• DIRECTIONS:
Transcribe the entries below with complete accuracy, excluding the pictures.

Saved entries:
-*-

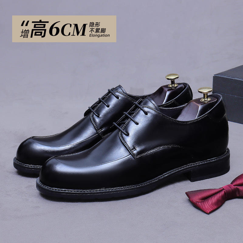 2026 Men's New British Casual Square Business Formal Lace-Up Breathable High-Heeled Genuine Leather Anti-Slippery Derby Shoes
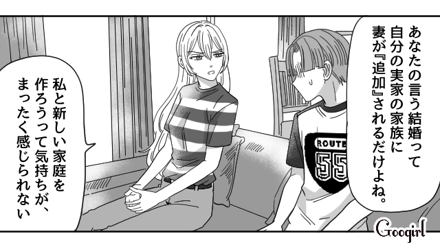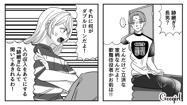 ▽ 「長男」「跡継ぎ」「家族第一」と押しつける亮介に、ついに堪忍袋の緒が切れた優子。「あなたと結婚するくらいなら一生独身の方がマシ」という本音を告げ、そのまま亮介を詰めていきます。
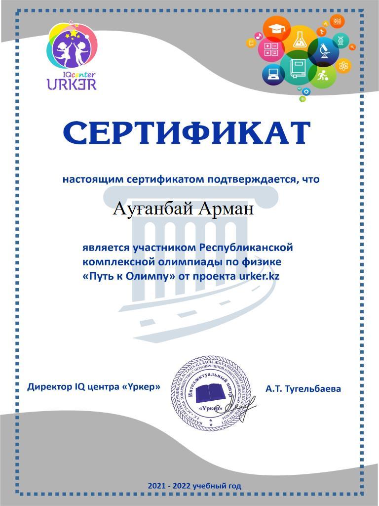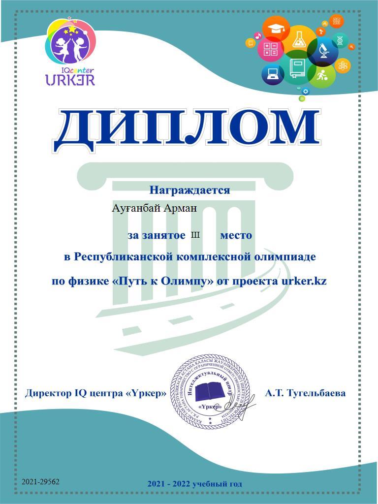 №164 Жалпы білім беретін мектеп » Ақпарат » Республикалық URKER .KZ ұйымдастырған "Путь к Олимпу" олимпиадасына физика пәні бойынша 8 "Ә" сынып оқушысы Ауғанбай Арман қатысып, ІІІ орынға ие болды. Жетекшісі, физика пәні мұғалімі А.Ділдан.
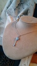 ハートカットのかわいいミルキーアクアマリンを鍵チャームにセットしたネックレス。
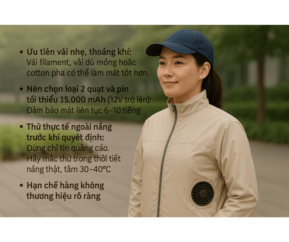 🎯 Thử thực tế ngoài nắng trước khi quyết định: Đừng chỉ tin quảng cáo. Hãy mặc thử trong thời tiết nắng thật, tầm 30–40°C.

-*-

• EXPECTED OUTPUT:
 2026 Men's New British Casual Square Business Formal Lace-Up Breathable High-Heeled Genuine Leather Anti-Slippery Derby Shoes
 ▽ 「長男」「跡継ぎ」「家族第一」と押しつける亮介に、ついに堪忍袋の緒が切れた優子。「あなたと結婚するくらいなら一生独身の方がマシ」という本音を告げ、そのまま亮介を詰めていきます。
 №164 Жалпы білім беретін мектеп » Ақпарат » Республикалық URKER .KZ ұйымдастырған "Путь к Олимпу" олимпиадасына физика пәні бойынша 8 "Ә" сынып оқушысы Ауғанбай Арман қатысып, ІІІ орынға ие болды. Жетекшісі, физика пәні мұғалімі А.Ділдан.
 ハートカットのかわいいミルキーアクアマリンを鍵チャームにセットしたネックレス。
 🎯 Thử thực tế ngoài nắng trước khi quyết định: Đừng chỉ tin quảng cáo. Hãy mặc thử trong thời tiết nắng thật, tầm 30–40°C.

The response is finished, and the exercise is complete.